Your writeup should contain at least the following:

  • Statistics from the execution of all 4 implementations of your Counting Codes solution.
  • Analysis of the difference in execution time between your solutions. You may find the flamegraph utility helpful for supporting your claims.

Requirements

  • You must benchmark the release (optimized) version of your implementations.
  • You should benchmark with the 4x4_zero test, as it runs long enough to prevent noise yet short enough as to not require a coffee break each run.
  • Your serial implementation must be at most 1.5x slower than the provided C and C++ implementations.
  • Your slowest parallel implementation must be at least 2x faster than your serial implementation.

Part 2

You will implement a multi-producer, multi-consumer channel in safe Rust.

Details

  1. You should already have the exercise repository cloned.
  2. In the part-2-channel folder, fill in the todo!() statements.
  3. Implement a multi-consumer version of std::sync::mpsc, with a similar API. Read the documentation included for the corresponding function and types in std::sync::mpsc, as well as the tests to figure out the details of your implementation.

Testing

An integration test is provided in the tests directory.
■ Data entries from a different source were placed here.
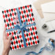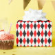 Papel de envolver diseñado con un patrón de arlequín rojo, negro y blanco. Se puede cambiar el blanco por otro color de una manera sencilla.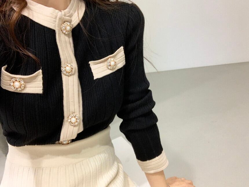 【セットアップ】パールボタンスリムニットセーター+ハイウエストニットスカート バイカラー ツーピース カーディガン プリーツスカート 韓国 a1489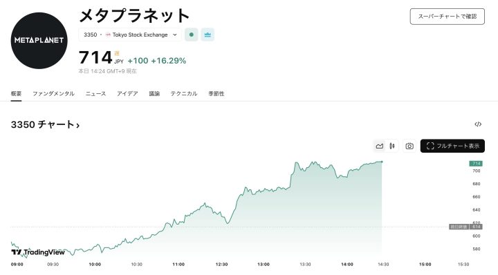 しかし、売りが一巡すると大規模な資金調達によるビットコイン戦略の強化を好感した買いが殺到。株価は急反発し前日比100円高(+16.29%)の714円まで急騰しました。※記事執筆時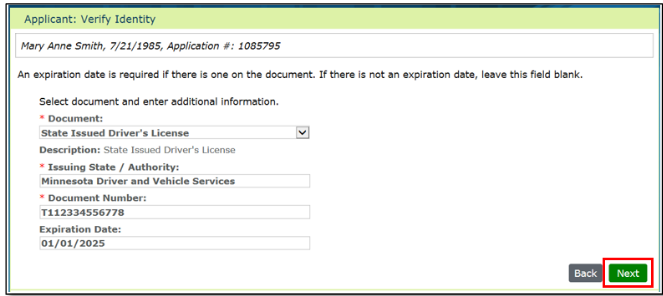 The fields will auto-populate with the information the candidate has provided. If all fields are complete, select Next.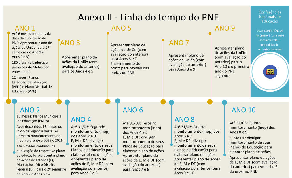 - Monitoramento (Inep), até 31 de março, dos índices dos 2 (dois) exercícios anteriores (art. 11). - Divulgação de informações referentes aos planos de Estados, Distrito Federal e Municípios, para elaborar seus planos de ações (art. 8º). - Avaliação e apresentação de planos de ações de Estados, Distrito Federal e Municípios para os 2 (dois) exercícios seguintes (art. 13). - Envio, até 30 de junho, pelo governo federal, do projeto de lei do plano decenal de educação subsequente, com avaliação e resultados parciais deste PNE, com base em dados do Inep (art. 35). |

To run the tests, run cargo test (or if you have nextest installed, cargo nextest run).

Requirements and Hints

  • You must ensure you do not publicly expose any unnecessary (internal) fields and methods. Hint: See the documentation on visiblity keywords.
  • Use a std::collections::VecDeque for efficient pushing and popping from two ends of the queue.
  • Hint: use a mutex to protect access to the underlying shared queue.
  • The Receiver must not busy-wait when attempting to retrieve an item from the queue. Hint: Use a condition variable.
  • You cannot use the std::sync::mpsc library in your solution; use the VecDeque previously mentioned and standard library concurrency primitives.